Path: utzoo!utgpu!cs.utexas.edu!convex!news
From: tchrist@convex.COM (Tom Christiansen)
Newsgroups: alt.sources.d
Subject: Re: "Simple" but non-portable == useless.
Message-ID: <1991Jan30.055113.26485@convex.com>
Date: 30 Jan 91 05:51:13 GMT
References: <7628@sugar.hackercorp.com> <11306:Jan2817:58:5291@kramden.acf.nyu.edu> <27A5C105.1019@tct.uucp>
Sender: news@convex.com (news access account)
Reply-To: tchrist@convex.COM (Tom Christiansen)
Organization: CONVEX Software Development, Richardson, TX
Lines: 60
Nntp-Posting-Host: pixel.convex.com

From the keyboard of chip@tct.uucp (Chip Salzenberg):
:>Be serious, Karl. We're talking about seven simple commands in a
:>pipeline versus nearly 30 lines of perl to do the same job: namely, get
:>a list of all names where there are two different executables in PATH.
:
:So maybe Karl did it the long way.  Here's my version of pathdup in
:Perl, and it's only ten lines long:

[ clever perl script deleted ]

I think he was talking about my script, not Karl's.  About two-thirds of
those 30 lines were debugging, error messages, and added space for
legibility.  Since I've been criticized for verbosity for putting
in such features, they've been duly excised.

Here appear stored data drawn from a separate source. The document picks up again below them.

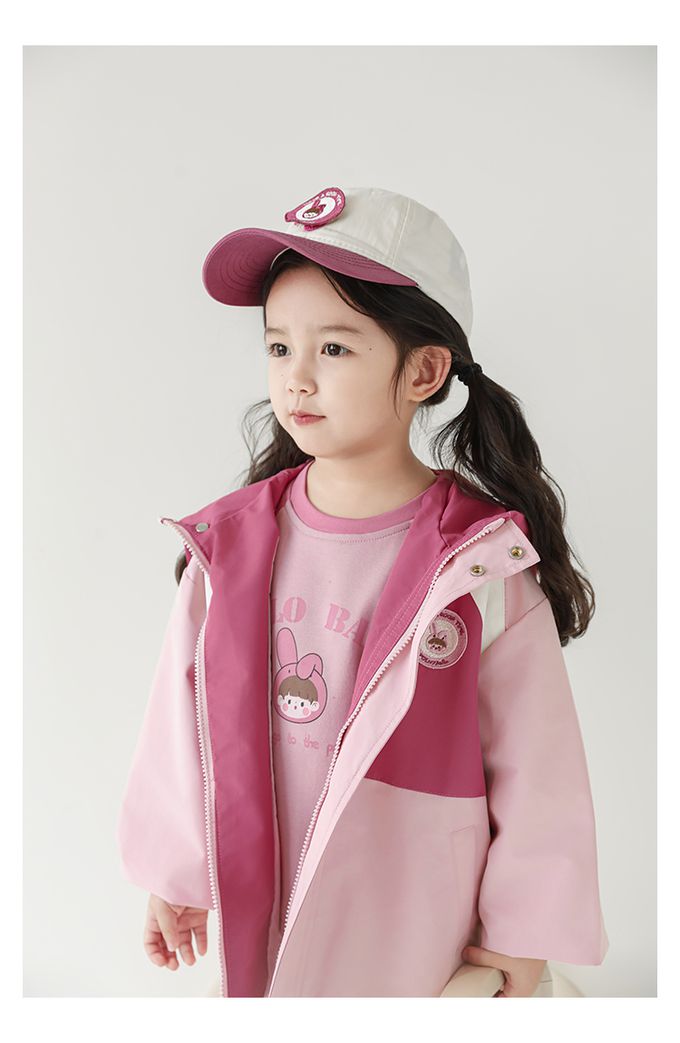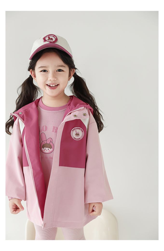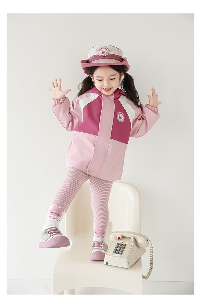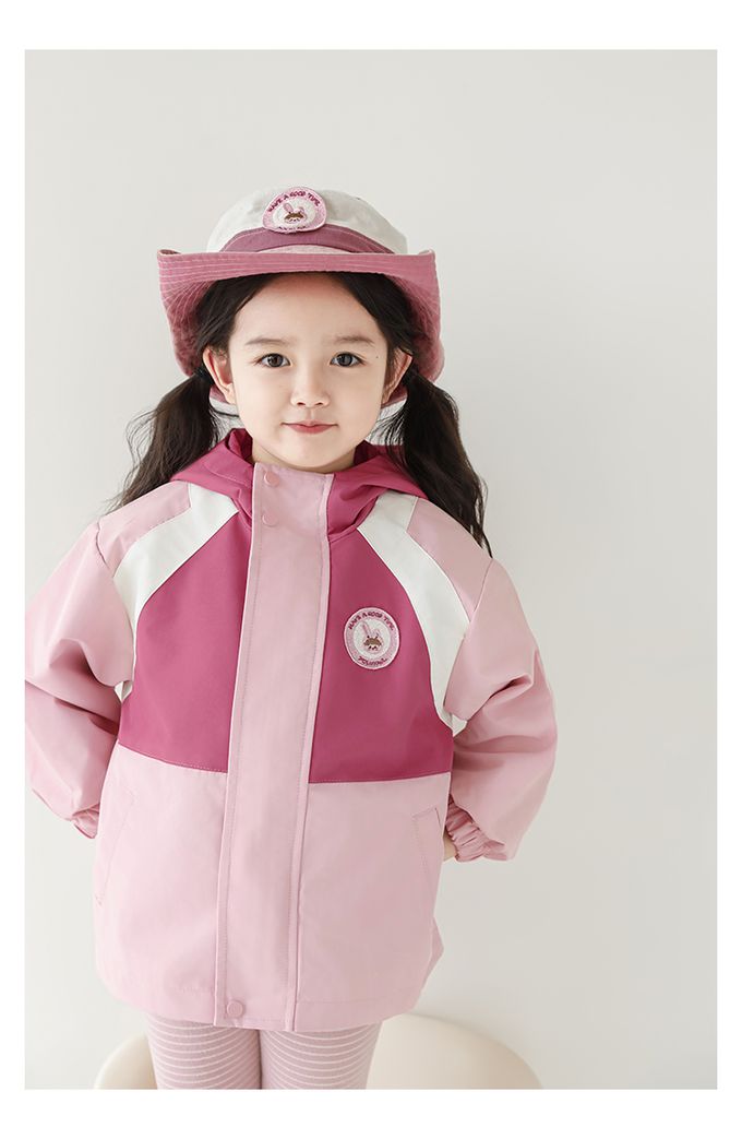 休閒連帽拼色防風外套-刺繡徽章-粉色
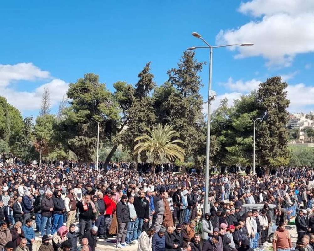 القدس / PNN/ أدى 100 ألف مصلٍ، صلاة الجمعة الثانية من شهر رمضان، في المسجد الأقصى المبارك، رغم تقييدات وإجراءات الاحتلال الإسرائيلي المشددة.
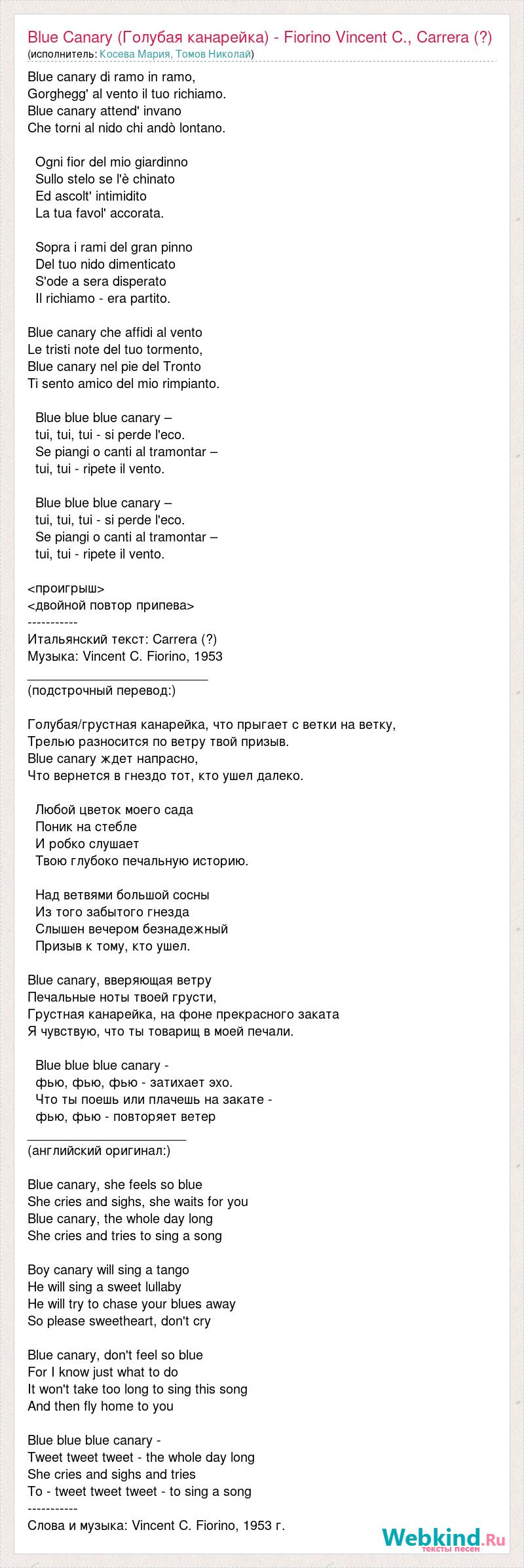 Blue canary di ramo in ramo, Gorghegg' al vento il tuo richiamo. Blue canary attend' invano Che torni al nido chi andò lontano. Ogni fior del mio giardinno Sullo stelo se l'è chinato Ed ascolt' intimidito La tua favol' accorata. Sopra i rami del gran pinno Del tuo nido dimenticato S'ode a sera disperato Il richiamo - era partito. Blue canary che affidi al vento Le tristi note del tuo tormento, Blue canary nel pie del Tronto Ti sento amico del mio rimpianto. Blue blue blue canary – tui, tui, tui - si perde l'eco. Se piangi o canti al tramontar – tui, tui - ripete il vento. Blue blue blue canary – tui, tui, tui - si perde l'eco. Se piangi o canti al tramontar – tui, tui - ripete il vento. <проигрыш> <двойной повтор припева> ----------- Итальянский текст: Carrera (?) Музыка: Vincent C. Fiorino, 1953 _________________________ (подстрочный перевод:) Голубая/грустная канарейка, что прыгает с ветки на ветку, Трелью разносится по ветру твой призыв. Blue canary ждет напрасно, Что вернется в гнездо тот, кто ушел далеко. Любой цветок моего сада Поник на стебле И робко слушает Твою глубоко печальную историю. Над ветвями большой сосны Из того забытого гнезда Слышен вечером безнадежный Призыв к тому, кто ушел. Blue canary, вверяющая ветру Печальные ноты твоей грусти, Грустная канарейка, на фоне прекрасного заката Я чувствую, что ты товарищ в моей печали. Blue blue blue canary - фью, фью, фью - затихает эхо. Что ты поешь или плачешь на закате - фью, фью - повторяет ветер ______________________ (английский оригинал:) Blue canary, she feels so blue She cries and sighs, she waits for you Blue canary, the whole day long She cries and tries to sing a song Boy canary will sing a tango He will sing a sweet lullaby He will try to chase your blues away So please sweetheart, don't cry Blue canary, don't feel so blue For I know just what to do It won't take too long to sing this song And then fly home to you Blue blue blue canary - Tweet tweet tweet - the whole day long She cries and sighs and tries To - tweet tweet tweet - to sing a song ----------- Слова и музыка: Vincent C. Fiorino, 1953 г.

Chip's \0 stuff is sure the right way to go if you're that concerned.  Mine
may list things whose directories have spaces in them.  I'm not sure how
easy it is to discern files with \n's in them from separate entries in
Chip's output.

Here are 7 lines (although I only see 5 lines of code), and it does run
pretty fast.  Notice I don't count files linked together -- if you
#comment out that code, the trailing ``|| $f{$_...'' part of line 4, the
user time is cut in half.  It'll still run much faster than the shell
script without that.  Try it -- the differnces are dramatic.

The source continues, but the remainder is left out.